In “The good the bad and the tick,” by Cabezas-Cruz et al. the Authors provide an overview about a large variety of tick-borne parasites, which cause several types of infection, focusing in particular on the Protozoon Theileria spp. and the bacterium Anaplasma phagocitophylum. The Authors illustrate that these pathogens contribute to malignant transformation by unbalancing epigenetic regulation in the host cells, which is in contrast with DNA genetic modifications often observed in virally-driven cancers, thus suggesting that a plethora of different mechanisms can be used by different types of pathogens to dysregulate the host cells and lead to cancer.

However, microbes are not always pathogenic and “good” microbes are crucial for our well-being. This important aspect is highlighted by two articles of this Research Topic. In “The Recombinant Protein Based on Trypanosoma cruzi P21 interacts with CXCR4 receptor and abrogates the invasive phenotype of human breast cancer cells,” by Borges et al. it is illustrated how the recombinant p21 protein of Trypanosoma cruzi may play a protective role against breast cancer, by downregulating CXCR4 gene expression, and leading to its internalization, thus preventing migration, invasion, and progression in MDA-MB-231 cells. This article is a very good example of how, despite many pathogens' products playing a role in driving malignant transformation, pathogens' proteins can also be used to our own advantage to fight cancer.

“Fine Particulate Matter Exposure Alters Pulmonary Microbiota Composition and Aggravates Pneumococcus-Induced Lung Pathogenesis,” by Chen et al. provides an example of how microbiota play a protective role for us as their dysregulation is associated with diseases as pneumonia. In this study, the Authors highlight how exposure to fine particulate matter (PM) with aerodynamic diameter ≤ 2.5 μm (PM_2.5) is closely correlated with respiratory diseases, which seems to be linked to microbiota dysbiosis, thus promoting disease progression.

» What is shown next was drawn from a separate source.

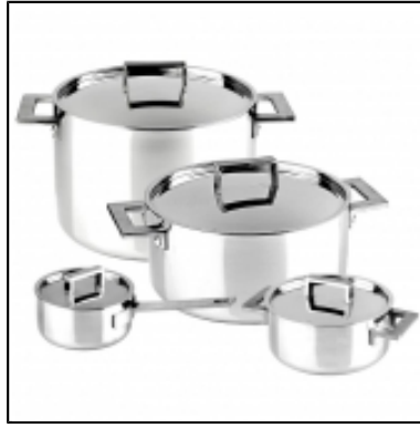
Cocottes et Marmites Attika

On behalf of all topic-Editors, I would like to thank all the Authors for their invaluable contribution to this Research Topic, which has broadened our knowledge and understanding of the Molecular mechanisms of pathogen-driven infectious and neoplastic diseases.

Author Contributions

GDF wrote the editorial and embedded comments of other topic Editors. All authors contributed to the article and approved the submitted version.

Conflict of Interest

The authors declare that the research was conducted in the absence of any commercial or financial relationships that could be construed as a potential conflict of interest.